Their electoral list is called “Serbia Against Violence”, reflecting its origins in the protests that followed two mass shootings which horrified the country in May. The opposition claim the killings reflected a culture of rhetorical and physical violence promoted by Mr Vucic, the SNS and their allies in the media.

Mourners lay flowers after mass shootings in Serbia
Image caption,Two mass shootings within just 48 hours in May horrified Serbians

“This is what Serbia needs right now,” says Borko Stefanovic, the deputy president of the centre-left Party of Freedom and Justice.

“It came out of the huge protests. When it became obvious that the government would not fulfil any of the demands of the people in the streets, we all – as pro-European parties – decided to come together and do what people have been demanding of us for years.”

Serbia Against Violence may have demanded the election. But they will be facing an uphill battle to challenge the Progressives’ dominance.

The SNS has a well-oiled party machine. And election monitor CRTA points out that they also benefit from a broadly friendly media. Rasa Nedeljkov bemoans a “chronic lack of pluralism” and notes that President Vucic has made more than 250 televised addresses this year alone.

The opposition also accuses the SNS of “state capture” – using public resources for party purposes.

Both these allegations get short shrift from Ana Brnabic, who insists that “the elections are fair, and the media is, in fact, quite open to the opposition”.

Anna Brnabic, Serbian prime minister


As a party, we never run away from elections… How ever people vote, we will respect thatAnna Brnabic
Serbian Prime Minister

In reality, she says, agreeing to early elections shows that the government is nothing like the autocracy its sternest critics claim it to be.

“In the spirit of democracy, we wanted to say yes.”

“The opposition claimed that we had lost credibility and legitimacy and that elections should be held. As a party, we never run away from elections – if someone thinks that we have lost legitimacy and wants to double-check it, we can always do that. How ever people vote, we will respect that.”

Just as the president’s beloved Red Star Belgrade tend to dominate the smaller football clubs in the Serbian SuperLiga, the Progressives are looking for a routine win in the parliamentary contest. The same goes for local elections which are being held in much of the country, including the capital, Belgrade.

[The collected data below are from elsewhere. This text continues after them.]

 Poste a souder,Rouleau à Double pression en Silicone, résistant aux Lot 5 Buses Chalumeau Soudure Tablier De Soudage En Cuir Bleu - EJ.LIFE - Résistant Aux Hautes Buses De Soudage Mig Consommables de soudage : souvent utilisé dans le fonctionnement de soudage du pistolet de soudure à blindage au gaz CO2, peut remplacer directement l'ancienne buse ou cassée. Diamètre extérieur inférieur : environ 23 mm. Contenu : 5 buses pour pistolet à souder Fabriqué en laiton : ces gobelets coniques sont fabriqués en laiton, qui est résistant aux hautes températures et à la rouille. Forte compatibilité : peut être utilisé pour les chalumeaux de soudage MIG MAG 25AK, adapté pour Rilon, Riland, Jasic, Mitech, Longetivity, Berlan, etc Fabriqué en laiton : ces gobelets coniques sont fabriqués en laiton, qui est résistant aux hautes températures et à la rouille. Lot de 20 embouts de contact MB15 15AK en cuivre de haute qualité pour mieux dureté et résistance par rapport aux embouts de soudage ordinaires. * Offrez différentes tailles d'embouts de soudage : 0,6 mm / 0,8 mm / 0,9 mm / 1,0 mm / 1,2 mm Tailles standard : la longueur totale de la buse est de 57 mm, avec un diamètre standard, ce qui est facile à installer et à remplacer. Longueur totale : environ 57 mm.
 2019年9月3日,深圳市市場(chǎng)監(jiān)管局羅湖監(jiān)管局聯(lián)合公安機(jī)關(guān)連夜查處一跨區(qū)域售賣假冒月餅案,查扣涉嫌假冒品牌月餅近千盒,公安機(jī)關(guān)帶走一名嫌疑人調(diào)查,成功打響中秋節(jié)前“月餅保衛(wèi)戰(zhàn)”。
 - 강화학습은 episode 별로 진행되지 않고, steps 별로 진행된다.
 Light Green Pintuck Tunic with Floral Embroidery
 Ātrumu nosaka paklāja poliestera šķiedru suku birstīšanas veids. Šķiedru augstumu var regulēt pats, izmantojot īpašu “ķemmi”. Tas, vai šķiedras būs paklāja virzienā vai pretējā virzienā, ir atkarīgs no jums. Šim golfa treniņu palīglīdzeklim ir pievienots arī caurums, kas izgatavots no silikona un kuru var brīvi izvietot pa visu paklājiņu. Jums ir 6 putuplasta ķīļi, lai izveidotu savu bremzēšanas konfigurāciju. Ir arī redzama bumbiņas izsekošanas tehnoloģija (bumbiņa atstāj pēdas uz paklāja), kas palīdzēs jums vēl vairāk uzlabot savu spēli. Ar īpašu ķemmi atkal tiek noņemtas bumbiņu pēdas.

Part of the reason for the Progressives’ long run in power has been the lack of a credible alternative. The Democratic Party splintered after it lost power in 2012 – and none of the resulting constellation of smaller parties grew large enough to have a realistic shot at forming a government.

A divided opposition suited the Progressives perfectly. And Mr Vucic successfully presented himself as the strong figure needed to bring prosperity to Serbia.

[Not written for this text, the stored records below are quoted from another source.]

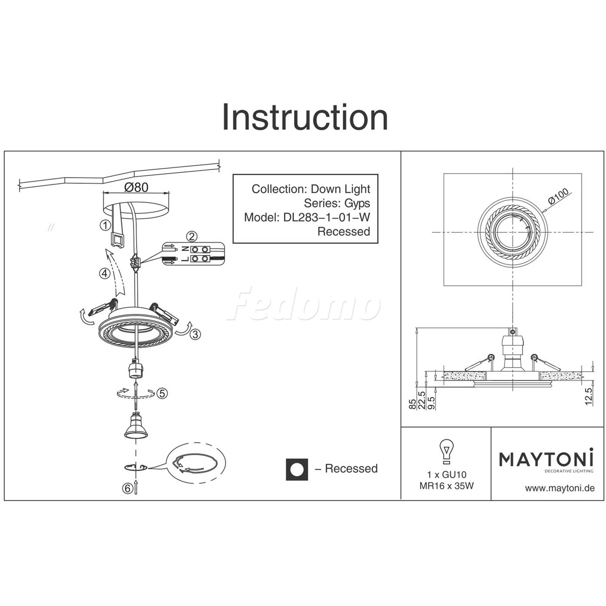 Точечный светильник встроенный DL283-1-01-W из серии Gyps Classic от компании Maytoni удачно впишется в интерьер гостиной, спальни, оформленных в стиле прованс. Светильник имеет 1 плафон и 1 лампочку с цоколем GU10 с мощностью 35W, напряжением 220V. Модель поддерживает подключение диммера. Светильник устанавливается на распорную пружину. Основной цвет и материал арматуры - белый металл, материал плафона - гипс. Лампочки в комплект не входят. Габариты модели: высота - 97 мм, диаметр - 100 мм. Лучшая цена и условия доставки на Maytoni DL283-1-01-W в интернет-магазине Fedomo.ru.
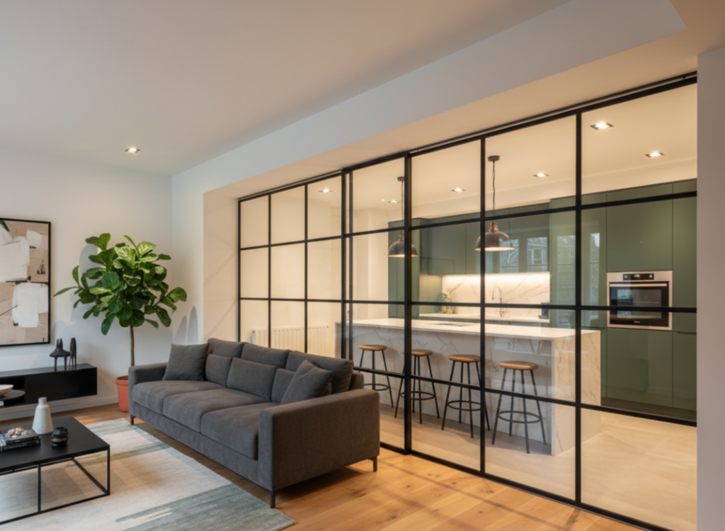 Fabricamos cierres de cocina en cristal en Donostia que combinan diseño, luminosidad y funcionalidad. Soluciones a medida que permiten integrar espacios manteniendo la amplitud visual y mejorando el confort del hogar.
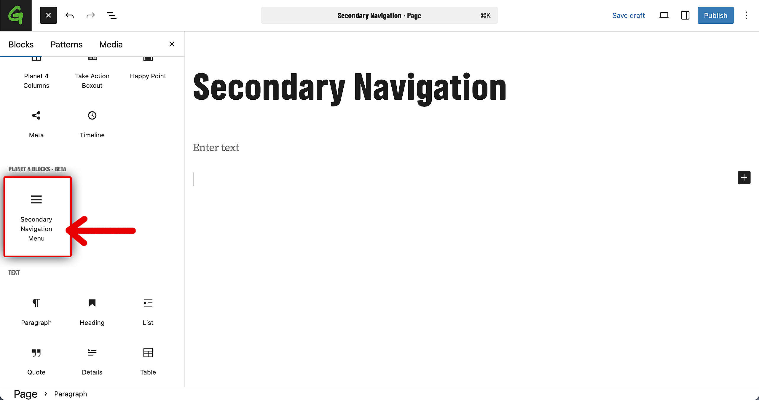 Add a new Block from the left, and go to the Planet 4 Beta Blocks. There, you’ll find the Secondary Navigation Menu. Drag and drop it into your page, or simply click on it.
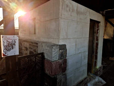Vom ehrenamtlichen Bau der Latrine hatte ich ja hier im RömerBlog bereits mehrfach berichtet. Hier fehlt allerdings noch die Berichterstattung von dem drei samstäglichen Verputz-Aktionen. Dafür ist jetzt meine Zeit zu knapp, aber ich verspreche, dass ich das demnächst nachholen werde. Bei passender Gelegenheit werden die Wände noch mit Kalkfarbe gestrichen und außen mit rotem Fugenstrich versehen. Dann fehlt nur noch das Dach.
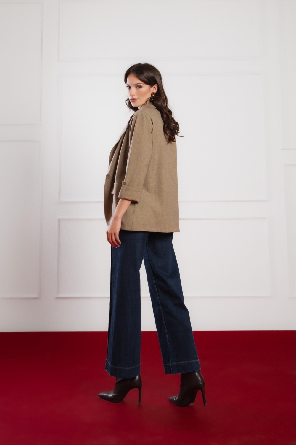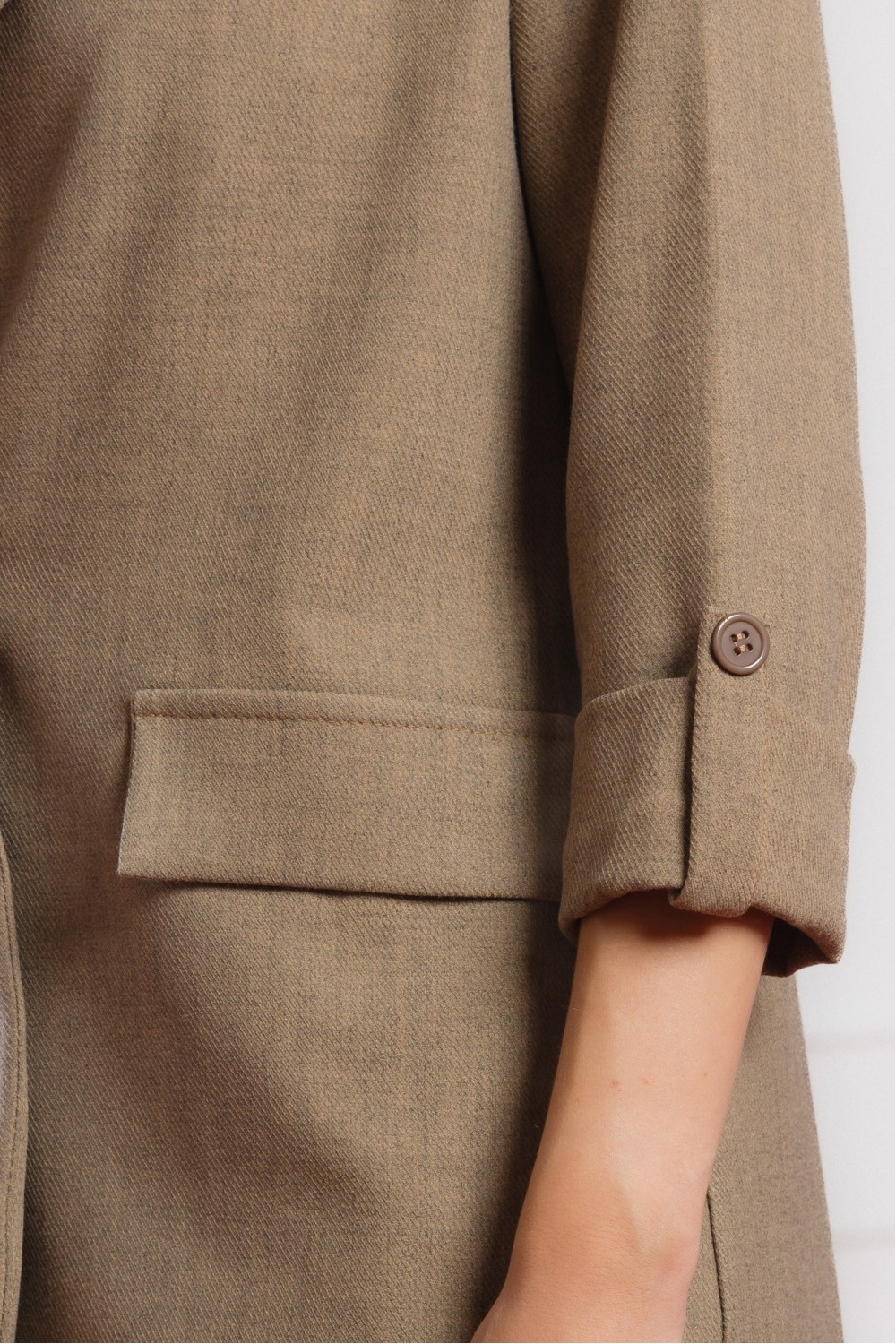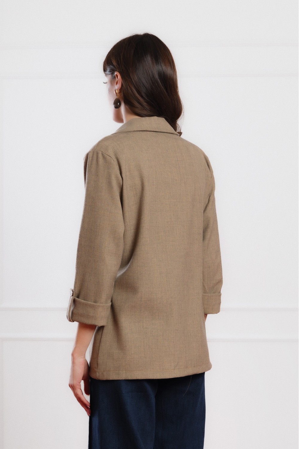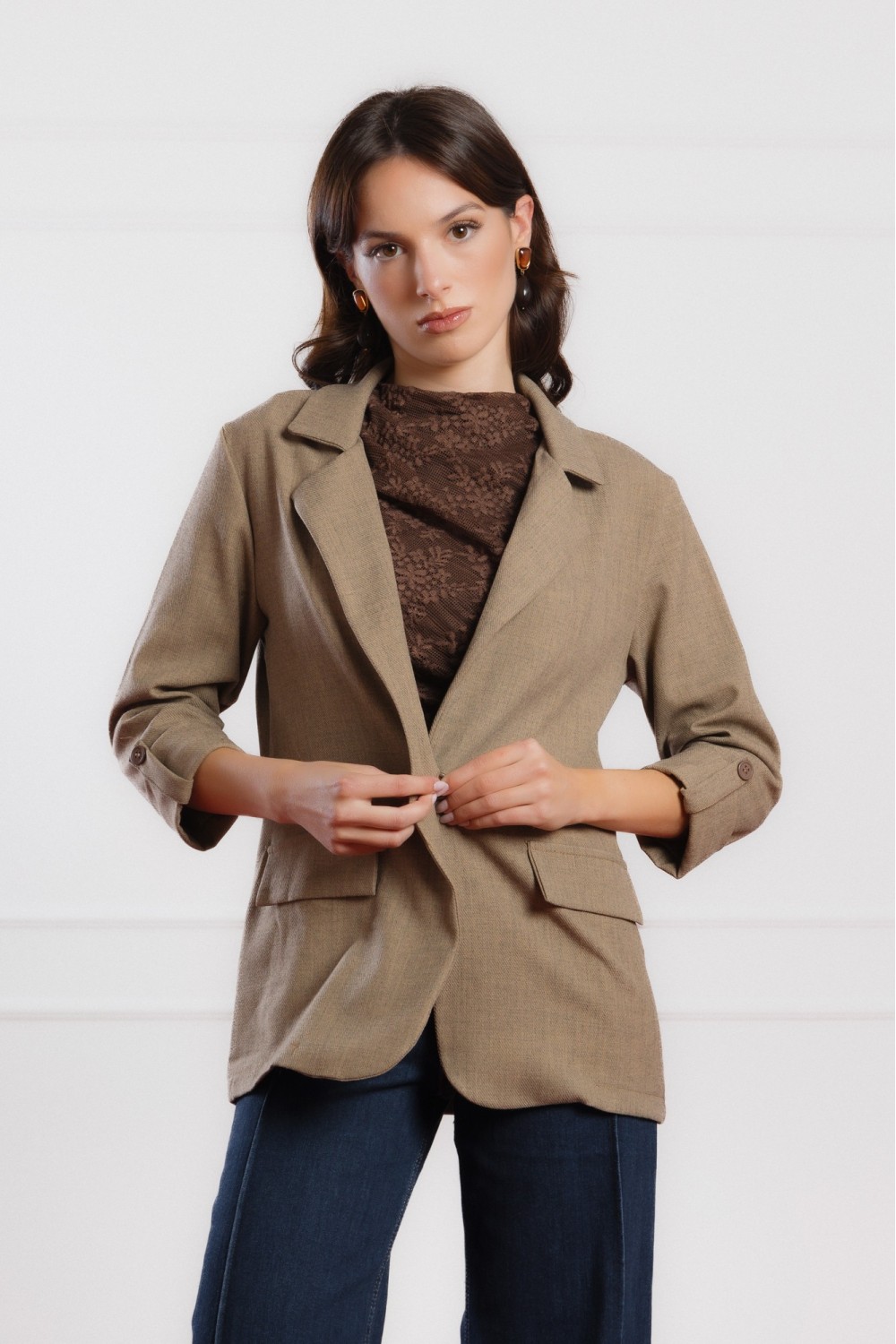 Smeđi sako s 3/4 rukavima savršen je izbor za prijelazne sezone i elegantne svakodnevne kombinacije. Lagano strukirani kroj naglašava siluetu, dok mekani materijal i podstava osiguravaju udo..

The Serbia Against Violence coalition at least offers voters a coherent alternative.

Biljana Djordjevic
Image caption,Biljana Djordjevic, joint leader of Serbia Against Violence, believes her party can make gains in cities like Belgrade

But the operations of the Green-Left Front – one of the coalition’s members – are rather more homespun than the Progressives’ slick campaign. Their Belgrade headquarters sits in a converted shopfront, staffed by young volunteers, with gas-powered heaters staving off the winter chill.

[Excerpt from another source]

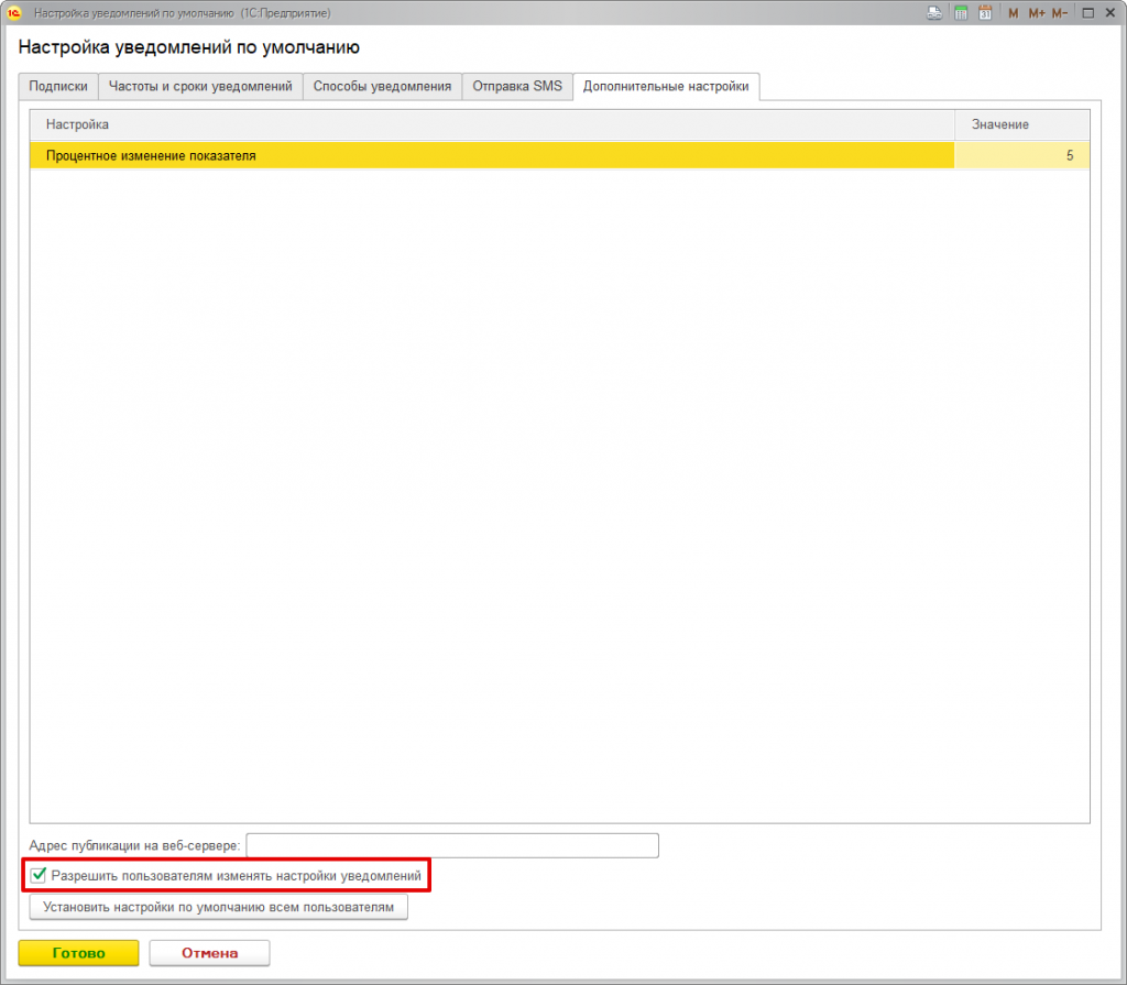Нажав на "Дополнительные настройки", пользователь сможет указать дополнительные параметры, такие как: дополнительные реквизиты писем, адреса публикаций, возможность самостоятельной настройки уведомлений для каждого пользователя.

Their joint leader, Biljana Djordjevic, concedes that a national victory would be a stretch. But she believes that other targets are achievable.

“You can never be as fully prepared as they are,” she says, “but we are not afraid of elections, because we know there will be more of us. And especially in Belgrade, we know we can win.”

“We believe in changes from the bottom up – from cities. Not everything is resolved in these elections, but in two or three steps.”

That process may take some time, if the government sticks to its line that this parliamentary election may be the last until 2027.

Ana Brnabic says “Serbia needs that kind of stability” for the SNS to carry out its programme of infrastructure improvements and boosts to salaries and pensions.

The opposition have the incentive to drum up the excitement levels, so Sunday’s vote will show whether their united front convinces the electorate.